#### [The problem]
An exact copy of all the data below is needed, without its pictures.

#### [Given information]
=== Section Start ===
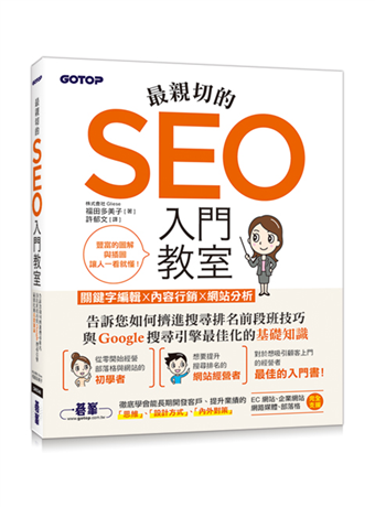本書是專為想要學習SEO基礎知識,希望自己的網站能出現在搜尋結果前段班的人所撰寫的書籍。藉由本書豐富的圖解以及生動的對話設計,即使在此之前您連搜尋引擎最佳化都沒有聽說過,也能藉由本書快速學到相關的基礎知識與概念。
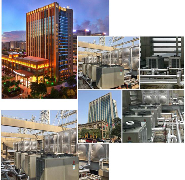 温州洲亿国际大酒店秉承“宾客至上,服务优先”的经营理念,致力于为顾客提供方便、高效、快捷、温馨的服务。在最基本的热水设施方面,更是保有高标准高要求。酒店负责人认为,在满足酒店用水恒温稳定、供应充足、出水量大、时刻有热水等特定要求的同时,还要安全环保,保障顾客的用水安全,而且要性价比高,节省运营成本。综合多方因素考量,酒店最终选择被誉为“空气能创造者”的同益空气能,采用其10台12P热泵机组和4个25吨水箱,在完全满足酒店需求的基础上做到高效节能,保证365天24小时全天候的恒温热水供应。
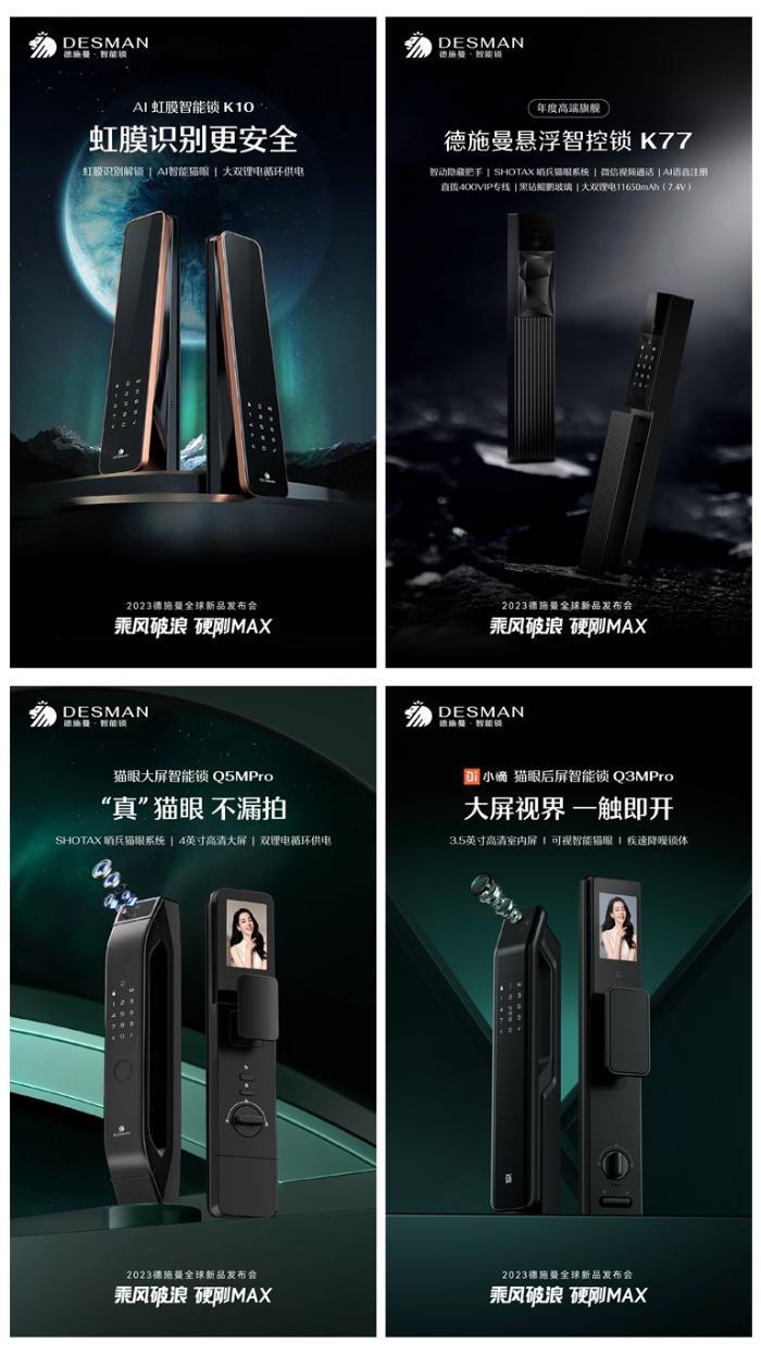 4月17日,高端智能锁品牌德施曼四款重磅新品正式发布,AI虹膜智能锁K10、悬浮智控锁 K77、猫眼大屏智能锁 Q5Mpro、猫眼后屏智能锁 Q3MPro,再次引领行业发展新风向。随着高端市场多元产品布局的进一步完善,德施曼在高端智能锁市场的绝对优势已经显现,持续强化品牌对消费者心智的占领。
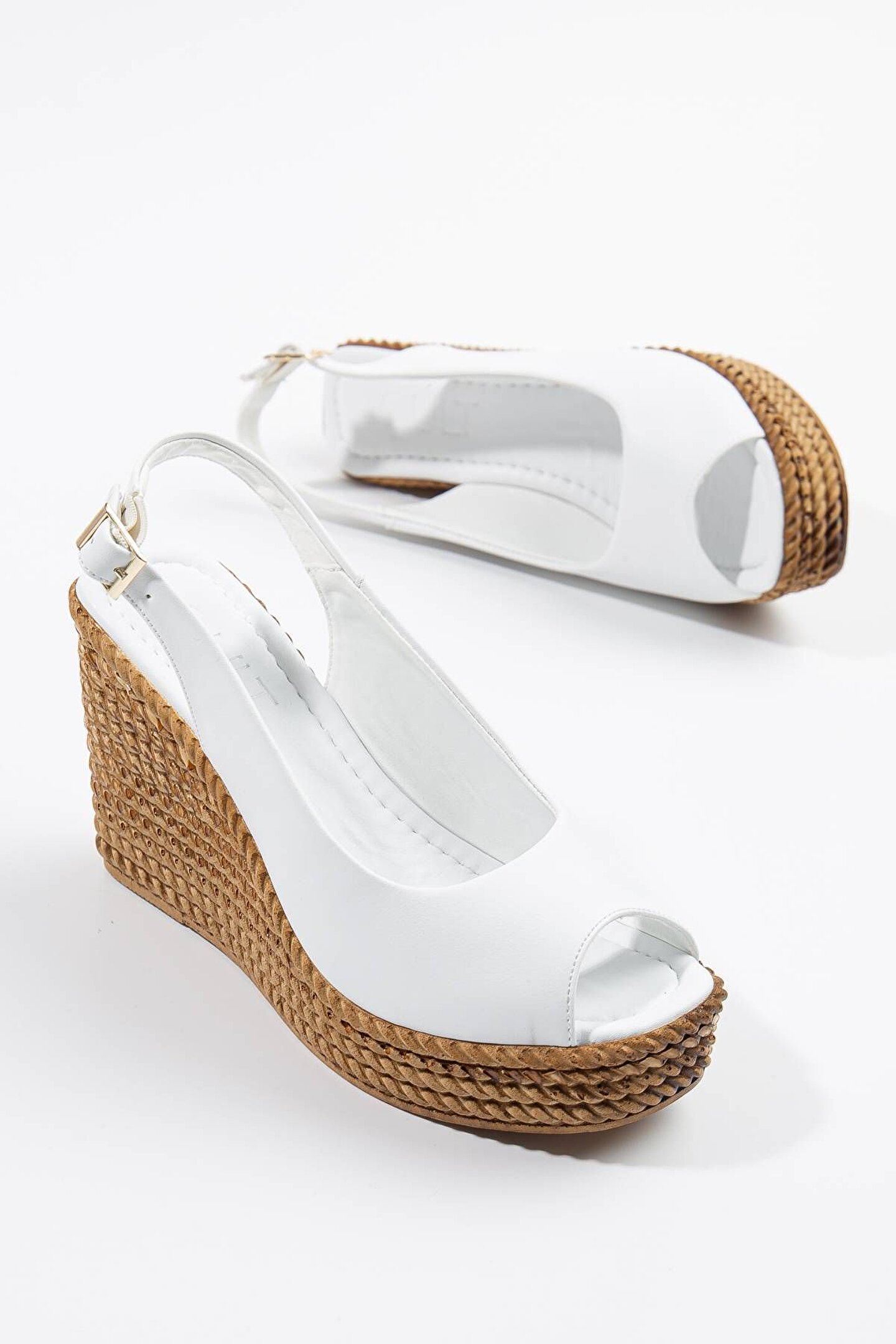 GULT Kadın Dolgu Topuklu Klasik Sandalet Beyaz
=== Section End ===
#### [Reply]
本書是專為想要學習SEO基礎知識,希望自己的網站能出現在搜尋結果前段班的人所撰寫的書籍。藉由本書豐富的圖解以及生動的對話設計,即使在此之前您連搜尋引擎最佳化都沒有聽說過,也能藉由本書快速學到相關的基礎知識與概念。
 温州洲亿国际大酒店秉承“宾客至上,服务优先”的经营理念,致力于为顾客提供方便、高效、快捷、温馨的服务。在最基本的热水设施方面,更是保有高标准高要求。酒店负责人认为,在满足酒店用水恒温稳定、供应充足、出水量大、时刻有热水等特定要求的同时,还要安全环保,保障顾客的用水安全,而且要性价比高,节省运营成本。综合多方因素考量,酒店最终选择被誉为“空气能创造者”的同益空气能,采用其10台12P热泵机组和4个25吨水箱,在完全满足酒店需求的基础上做到高效节能,保证365天24小时全天候的恒温热水供应。
 4月17日,高端智能锁品牌德施曼四款重磅新品正式发布,AI虹膜智能锁K10、悬浮智控锁 K77、猫眼大屏智能锁 Q5Mpro、猫眼后屏智能锁 Q3MPro,再次引领行业发展新风向。随着高端市场多元产品布局的进一步完善,德施曼在高端智能锁市场的绝对优势已经显现,持续强化品牌对消费者心智的占领。
 GULT Kadın Dolgu Topuklu Klasik Sandalet Beyaz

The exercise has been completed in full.